Maulana menceritakan Saung Angklung Udjo bermula dari kecintaan (almarhum) Udjo Ngalagena dan istrinya, (almarhum) Uum Sumiati yang ingin mengembangkan seni tradisionl. Seni tersebut berfokus pada tiga unsur, yakni, anak-anak, alam, dan seni dengan alunan angklung.
Waktu itu, Menurutnya, memang hanya untuk kalangan keluarga. Kemudian, lanjut Maulana, pasangan Mang Udjo dikaruniai 10 putra-putri yang mendukung untuk membuat grup angklung.
"Lama kelamaan, tetangga sekitar mengetahui bahwa Mang Udjo mengajarkan angklung ke anaknya, akhirnya banyak yang menyukai angklung, masyarakat sedesa terlibat dalam angklung itu," katanya.
Jika saat ini, Maulana menyatakan, masyarakat telah mengembangkan komunitas (community development), Saung Angklung Udjo telah melakukannya sejak dulu. Menurutnya, community development dibangun oleh Mang Udjo melalui serangkaian kegiatan.
"Jadi kita sudah punya kegiatan setiap hari dan biasanya megadakan empat kali pertunjukan," katanya.
Seiring perkembangannya, Saung Angklung Udjo telah dikenal luas hingga penjuru dunia.
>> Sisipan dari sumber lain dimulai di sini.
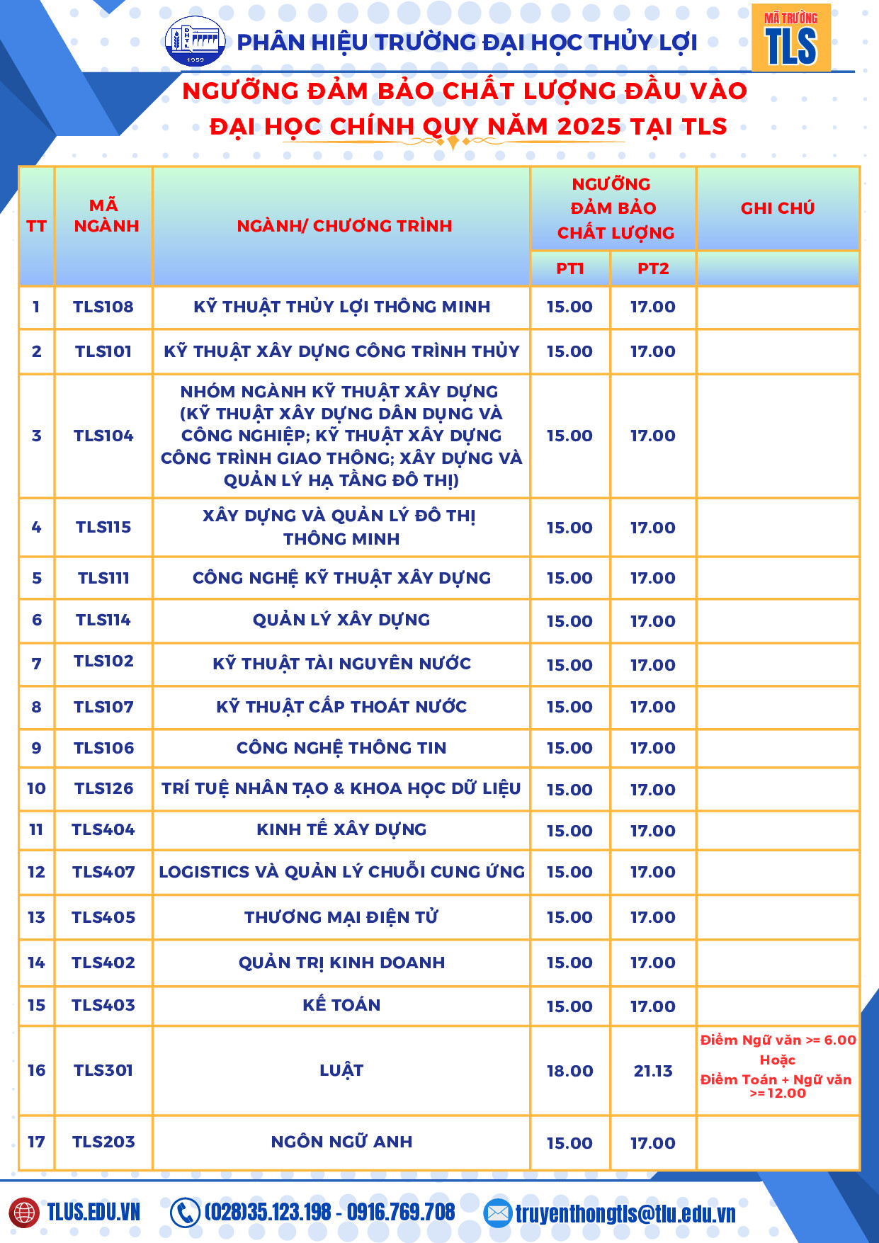 Phân hiệu Trường Đại học Thủy lợi chính thức công bố ngưỡng đảm bảo chất lượng đầu vào đại học…

Bahkan, Maulana mengatakan, permintaan terhadap alat musik angklung telah mencapai ribuan.
"Kita juga memproduksi ribuan angklung karena banyak permintaan dari berbagai pihak," ungkapnya.
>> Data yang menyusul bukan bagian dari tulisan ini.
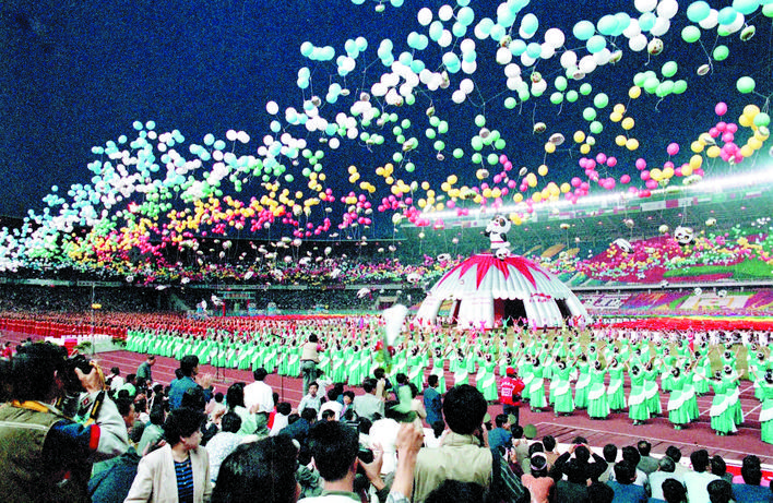 1990年9月22日至10月7日,第十一屆亞運(yùn)會(huì)在北京舉行。這是中國(guó)首次舉辦國(guó)際綜合性運(yùn)動(dòng)會(huì)。圖為開幕式現(xiàn)場(chǎng)。 新華社發(fā)

Dalam mendirikan sanggar angklung, Mang Udjo tetep melestarikan materi utama yang diberikan oleh sang guru, Daeng Soetigna. Namun, demi mengikuti perkembangan zaman, Saung Angklung Udjo juga melakukan modifikasi.
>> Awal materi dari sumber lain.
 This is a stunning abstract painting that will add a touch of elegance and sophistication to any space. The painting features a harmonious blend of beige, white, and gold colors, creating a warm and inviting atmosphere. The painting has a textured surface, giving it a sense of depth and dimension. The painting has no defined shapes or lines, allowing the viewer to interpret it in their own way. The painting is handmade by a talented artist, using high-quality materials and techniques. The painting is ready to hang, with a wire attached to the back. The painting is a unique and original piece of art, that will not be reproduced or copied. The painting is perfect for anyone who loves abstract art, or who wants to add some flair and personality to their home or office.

"Kita itu, keep the old one and make the new one, kenapa make the new one, karena kalo seni tradisional terpaku dalam tampilan tradisional orang susah untuk menyukai seni," katanya.
Maulana mengatakan, pihaknya memadukan konsep moderen seperti mengkolaborasikan Angklung dengan musik DJ (Disc Jockey) hingga IDM (Intelligent Dance Music). Hal itu, bertujuan untuk mengemas konsep musik yang eksotis agar dapat dinikmati semua kalangan.
"Karena ini sudah zamannya milenial kita harus bisa mengikuti zaman yang terus berkembang," katanya.
Maulana menambahkan, dalam beberapa hajatan, pihaknya tetap membawakan musik angklung yang sangat klasik. Karena, menurutnya, klasik bukan berarti ketinggalan zaman, namun lebih pada tradisi.
"Tapi memang ada beberapa event yang tetap klasik banget yah. Kita tidak melupakan patokan tradisional," ujarnya.